Kararın taraf vekillerince istinaf edilmesi üzerine, Bölge Adliye Mahkemesince başvuruların kısmen kabulüne, ilk derece mahkemesi kararı kaldırılarak yeniden hüküm kurulmak suretiyle davanın kısmen kabulüne karar verilmiştir.
Bölge Adliye Mahkemesi kararı taraf vekillerince temyiz edilmekle; kesinlik, süre, temyiz şartı ve diğer usul eksiklikleri yönünden yapılan ön inceleme sonucunda, temyiz dilekçelerinin kabulüne karar verildikten ve Tetkik Hâkimi tarafından hazırlanan rapor dinlendikten sonra dosyadaki belgeler incelenip gereği düşünüldü:
I. DAVA
Davacı vekili; müvekkilinin eczacı olduğunu, davalı Kurumun müvekkilinin "reçete girip -silme" işlemini gerçekleştirmek suretiyle muayene katılım ücretinin ödenmesinin ötelenmesini sağlayarak sözleşmenin 01.11.2013 tarihinde yürürlüğe giren (5.3.15.) maddesini ihlal ettiği gerekçesiyle ceza uyguladığını, bu işlem nedeniyle Kurumun zarara uğramadığını, katılım payı ücretinin hak sahibi tarafından bir sonraki reçete içeriğinin alınması sırasında ödendiğini, hastaların eczaneye geldikten sonra ilaçları almaktan vazgeçmesi sebebiyle reçetelerin sistemden silindiğini, sözleşmeye aykırı fiilinin olmadığını ileri sürerek; 30.590,78 TL para cezasının iptali ile muarazanın giderilmesine, el konulacağı bildirilmiş olan 14.903,39 TL ilaç bedelinin el koyma tarihinden itibaren yasal faiziyle birlikte davalıdan tahsiline karar verilmesini talep etmiştir.
II. CEVAP
Davalı vekili; Kurum denetim birimlerince düzenlenen raporlarla davacının sahibi olduğu Yıldırım Eczanesinin reçete girip silme işlemi gerçekleştirerek muayene ücretlerinin ödenmesine sebep olduğunu, bu eylemin sözleşme hükümlerine aykırılık teşkil etmesi sebebiyle uygulanan Kurum işleminin hukuka uygun olduğunu belirterek, davanın reddini savunmuştur.

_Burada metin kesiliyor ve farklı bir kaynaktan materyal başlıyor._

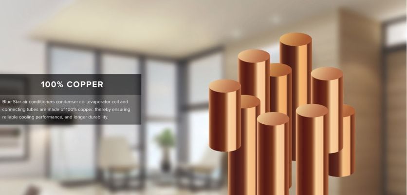 100% Copper – Blue Star Air Conditioners condenser coil, evaporator coil and connecting tubes are made of 100% copper, thereby ensuring reliable cooling performance, and longer durability.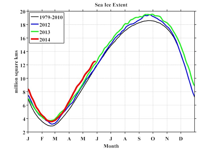 However at the other end of the planet, the Antarctic canary seems to be singing away happily, as the total extent has grown, albeit weakly, over the same period. The past two years have each been record-breakers, and 2014 looks to be building the same way. You can track how it’s going here, which shows how much more sea ice there is relative to the 1981-2010 average.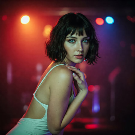Portrait of beautiful young woman dancing at night club with colorful lights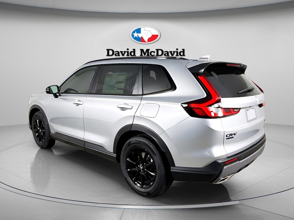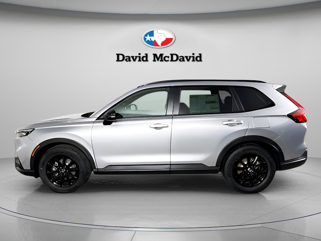 Recent Arrival! This 2026 Honda CR-V Hybrid Sport-L IN-TRANSIT in Solar Silver Metallic comes with the following features: 4-Wheel Disc Brakes, 8 Speakers, ABS brakes, Adaptive Cruise Control: Adaptive Cruise Control (ACC) with Low-Speed Follow, Air Conditioning, Alloy wheels, AM/FM radio, Apple CarPlay/Android Auto, Auto High-beam Headlights, Auto-dimming Rear-View mirror, Automatic temperature control, Blind Spot Information (BSI) System warning, Brake assist, Bumpers: body-color, Compass, Delay-off headlights, Driver door bin, Driver vanity mirror, Dual front impact airbags, Dual front side impact airbags, Electronic Stability Control, Exterior Parking Camera Rear, Four wheel independent suspension, Front anti-roll bar, Front Bucket Seats, Front Center Armrest, Front dual zone A/C, Front reading lights, Fully automatic headlights, Heated door mirrors, Heated Front Bucket Seats, Heated front seats, Illuminated entry, Knee airbag, Leather Seat Trim, Leather Shift Knob, Leather steering wheel, Low tire pressure warning, Memory seat, Occupant sensing airbag, Outside temperature display, Overhead airbag, Overhead console, Panic alarm, Passenger door bin, Passenger vanity mirror, Power door mirrors, Power driver seat, Power Liftgate, Power moonroof, Power passenger seat, Power steering, Power windows, Radio data system, Radio: 320-Watt AM/FM Audio System, Rear anti-roll bar, Rear reading lights, Rear seat center armrest, Rear side impact airbag, Rear window defroster, Rear window wiper, Remote keyless entry, Security system, Speed control, Speed-sensing steering, Speed-Sensitive Wipers, Split folding rear seat, Spoiler, Steering wheel mounted audio controls, Telescoping steering wheel, Tilt steering wheel, Traction control, Trip computer, Turn signal indicator mirrors, Variably intermittent wipers, and Wheels: 18 Berlina Black.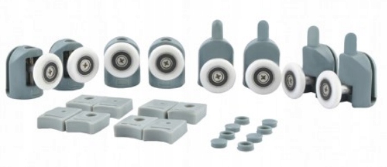 - Універсальність– ролики виготовлені з пластику, нейлону та корозійностійкої сталі. Вони підходять до всіх душових кабін, які використовують цей тип кулькових опор. Ролики та колеса адаптуються до форми направляючої.

III. İLK DERECE MAHKEMESİ KARARI
İlk Derece Mahkemesinin yukarıda tarih ve sayısı belirtilen kararıyla davanın kısmen kabulüne, 11.02.2014 tarihli ve 2346841 sayılı davalı Kurumca uygulanan 30.590,78 TL cezanın iptaline, 14.903,39 TL ilaç bedeli iadesi talebinin reddine karar verilmiştir.
IV. İSTİNAF
A. İstinaf Yoluna Başvuranlar
İlk Derece Mahkemesinin yukarıda belirtilen kararına karşı süresi içinde taraf vekillerince istinaf başvurusunda bulunmuştur.
B. İstinaf Sebepleri
1.Davacı vekili; Mahkemece ilaç bedeli iadesi talebinin reddi yönündeki kararın hukuka aykırı olduğunu, davalı Kurumun 2012 yılı Protokolünün (5.3.15.) maddesinin ihlal edildiğini iddia ederek hukuka aykırı olarak cezai işlem uyguladığı, katılım payının tahsil etmemek gibi bir olayın mevcut olmadığını, Protokolde yer alamayan bir kavram sebebiyle davacı aleyhine cezai şart yüklenmesinin TMK'nın 2. maddesi gereğince yerinde olmadığını, davacının haksız menfaat sağlamadığını, kararın ilaç bedeli iadesine ilişkin kısmının kaldırılarak davanın kabulüne karar verilmesini talep ederek kararı istinaf etmiştir.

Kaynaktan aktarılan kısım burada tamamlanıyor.